Astro City: Metrobook by Busiek and Anderson. A repackaging of the first three collections all of which I've read before. The expanded format allows restores the original publication order--previously, the Confessor story was pulled out from the middle of the second series to be published on its own, while all the short stories were grouped together. This is at least my third reading of this material and I still love Astro City. The short stories are among the best in the genre. 

Breezeway by John Ashbery. Did I mention it was National Poetry Month? I'd like to say you never need an excuse to read Ashbery, but apparently I do. This is late Ashbery, published as he turned 88, but late Ashbery is a very good Ashbery indeed.

Lighthead by Terrance Hayes. Hayes is a terrifically inventive formalist best known for his book of "American sonnets." Here he invents the "golden shovel" which uses the words of another poem ("We Real Cool" in the first case) as the end words for each line of a new poem. He also adapts a PowerPoint style from Japanese business, called pecha kucha, which calls for 20 seconds of speech for each of 20 slides.

I Remember by Joe Brainard. I think this is a reread, but none of it came back to me. (I was reading several American Long Poems a week when I was working on my dissertation.) No reflection on the book which I entirely enjoyed, though in fact I've already forgotten most of what I read, again. 

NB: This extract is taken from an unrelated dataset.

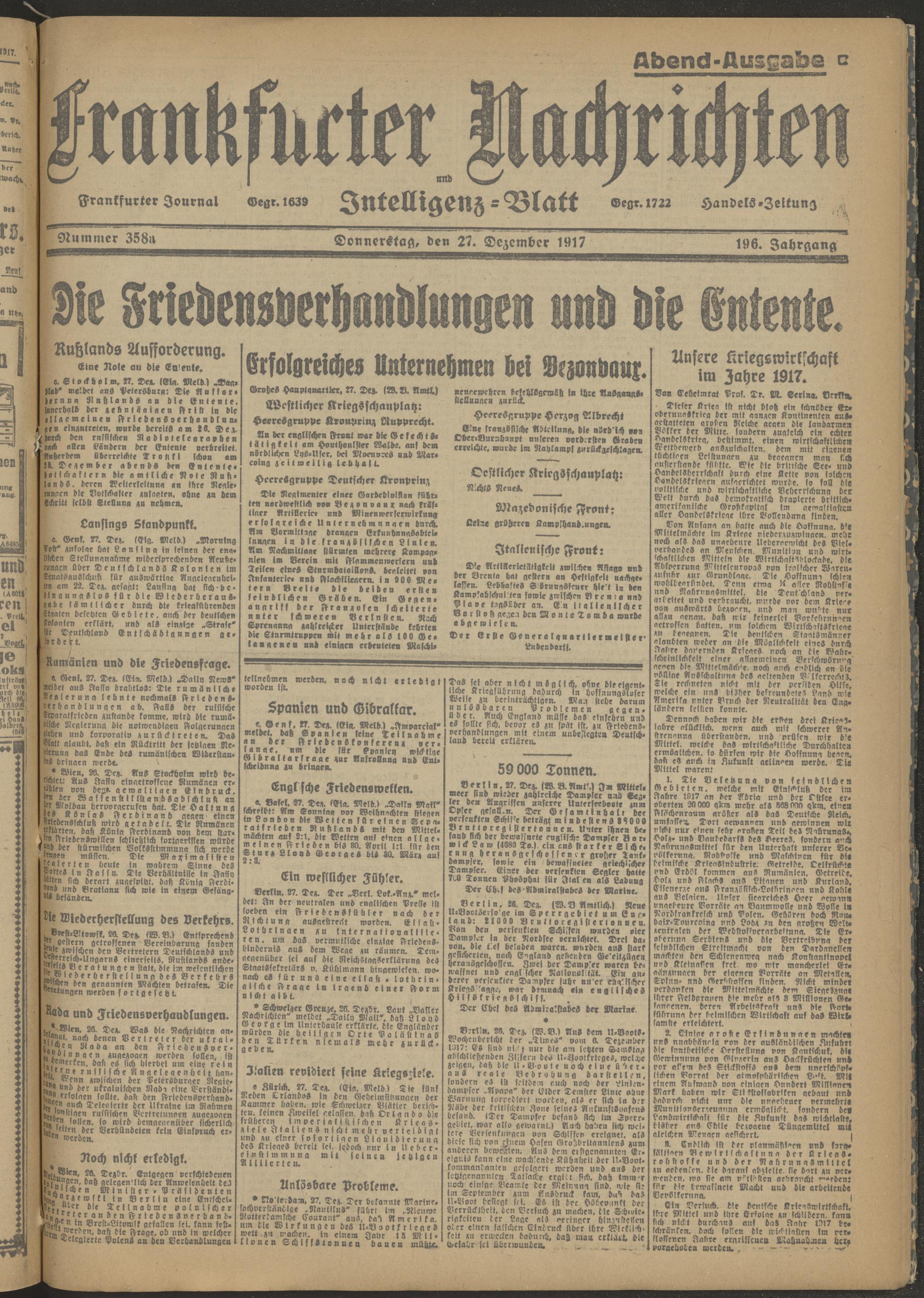 27.12.1917 Abend-Ausgabe = Nr. 358 a

A Poet's Work by Sam Hamill. Essays from the eighties that I read in the early 90s. He writes very clearly about what he values so greatly in poetry. "I could say that poetry saved my life, but who would believe me?" 

Measured by Stone by Sam Hamill. Poems from later in his life. He's still clear headed, this time about the fact that his poetry won't last past his lifetime. But I read it last week, so...

Totals: 15 books. 5 comics. 1 book of essays. 8 books of poetry. 6 rereads(!). 1 memoir.